== Segment start ==

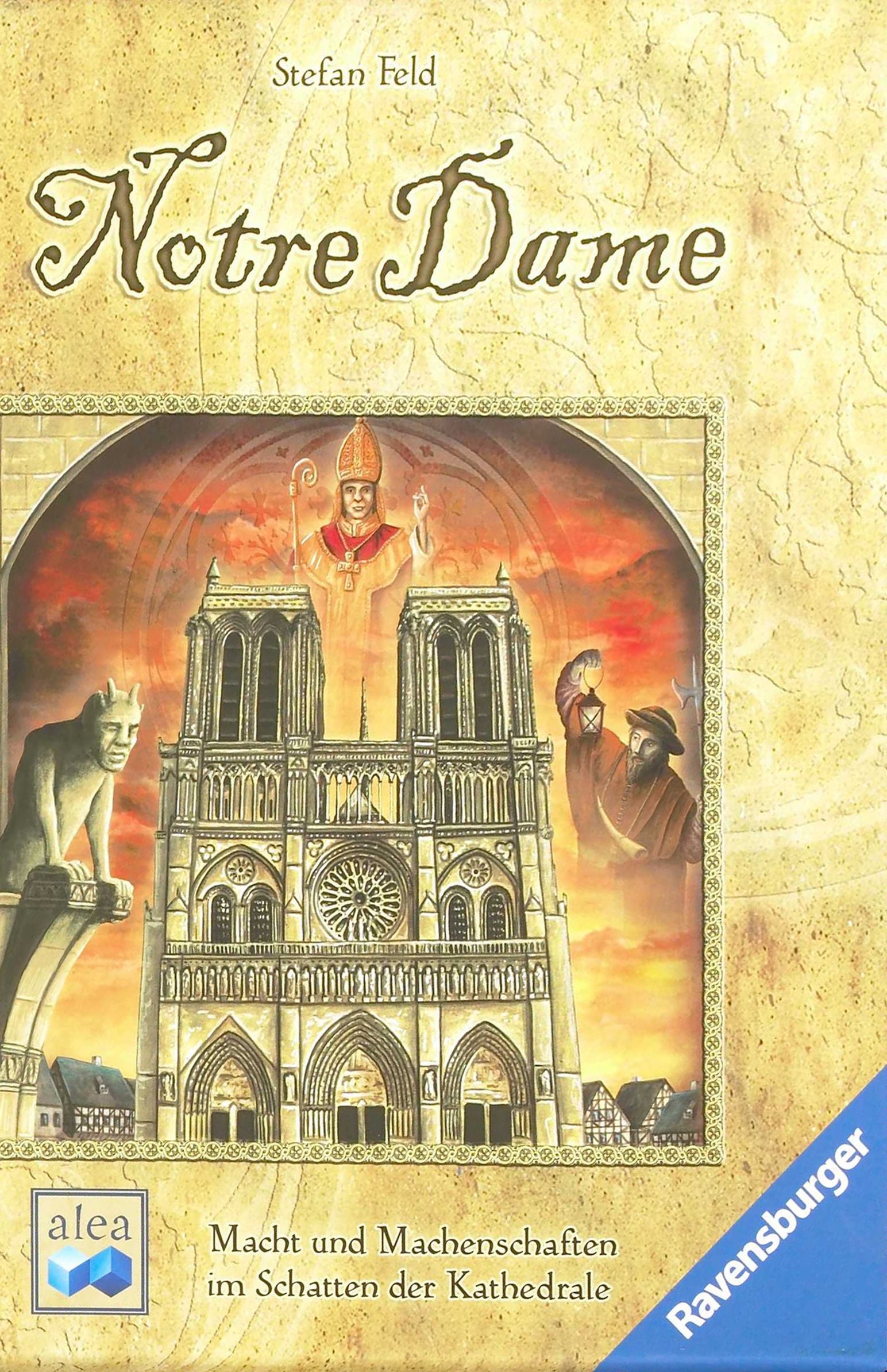 Anspruchsvolle Spiele müssen nicht kompliziert sein. Wenn man bei „Notre Dame“ die Regeln verstanden hat, läuft das Spiel zügig. Jeder Spieler legt Einflussmarker in sein Stadtviertel auf dem Plan. Dafür bekommt er Geld, Siegpunkte und weitere Marker. Ziel ist es, Prestigepunkte zu sammeln. Die Spieler müssen die Pest im Auge behalten und sich rechtzeitig vor der Rattenplage schützen, weil sie sonst schnell Hab und Gut verlieren können. Sie bestechen Kirchenpersonal, Stadtwache oder Bürgermeister, entsenden ihre Kutschen in andere Viertel und schicken auch mal einen Stein zur Kathedrale Notre Dame. Der Clou sind die Spielkarten, von denen man immer nur eine behalten darf, die anderen jedoch an den Nachbarn weitergeben muss. Ein Leckerbissen für echte Spielefans.
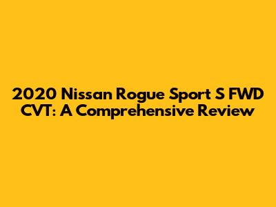 Hey guys! Today, we’re diving deep into the 2020 Nissan Rogue Sport S FWD CVT. This compact SUV has been making waves, and we're here to give you the lowdown on everything you need to know. From its performance and fuel efficiency to its interior features and safety tech, we’ve got you covered. Whether you’re a potential buyer or just curious, let’s jump right in and explore what makes the 2020 Nissan Rogue Sport S tick.
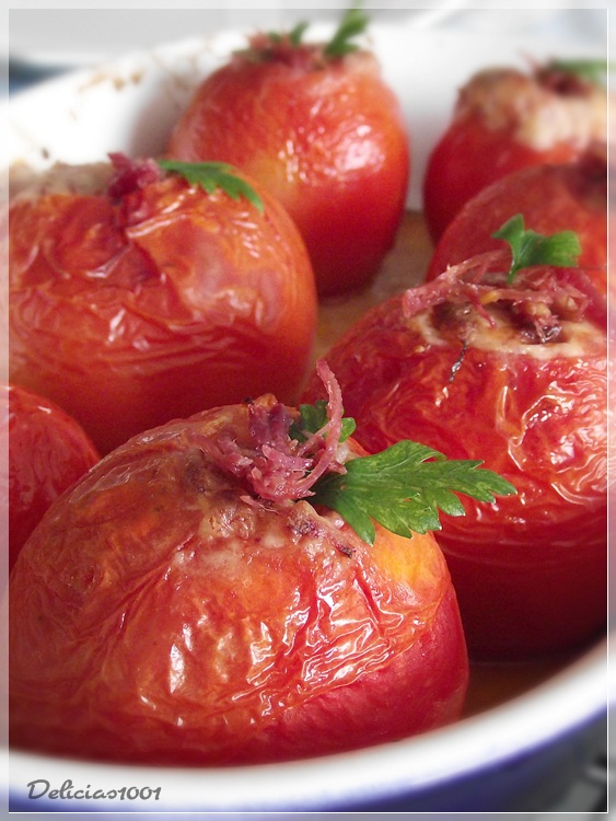 Muito boa a ideia dos tomates recheados, fica bastante convidativo a comer e o sabor é ao mesmo tempo suave pelo creme e marcante pela carne seca.
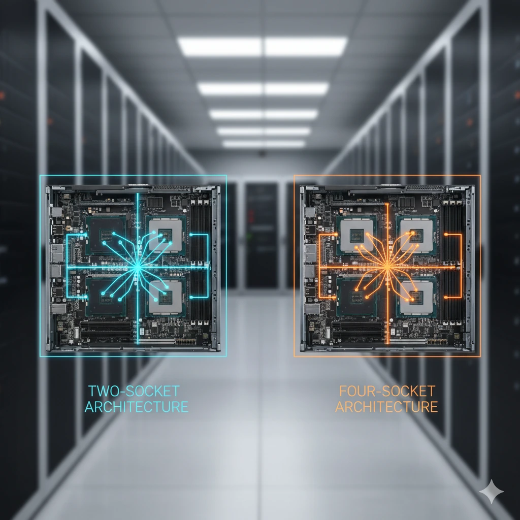سرور دو سوکتی از دو پردازنده فیزیکی بهره می برد و برای بارهای کاری عمومی مناسب است، در حالی که سرور چهار سوکتی چهار پردازنده دارد و برای محاسبات سنگین، شبیه سازی و تحلیل داده طراحی شده است.

== Segment end ==

Beginning with the line that contains "Muito boa a" and ending with the final line of the listing, return each line exactly. Omit all pictures.

### SOLUTION FOR THIS EXERCISE:
 Muito boa a ideia dos tomates recheados, fica bastante convidativo a comer e o sabor é ao mesmo tempo suave pelo creme e marcante pela carne seca.
سرور دو سوکتی از دو پردازنده فیزیکی بهره می برد و برای بارهای کاری عمومی مناسب است، در حالی که سرور چهار سوکتی چهار پردازنده دارد و برای محاسبات سنگین، شبیه سازی و تحلیل داده طراحی شده است.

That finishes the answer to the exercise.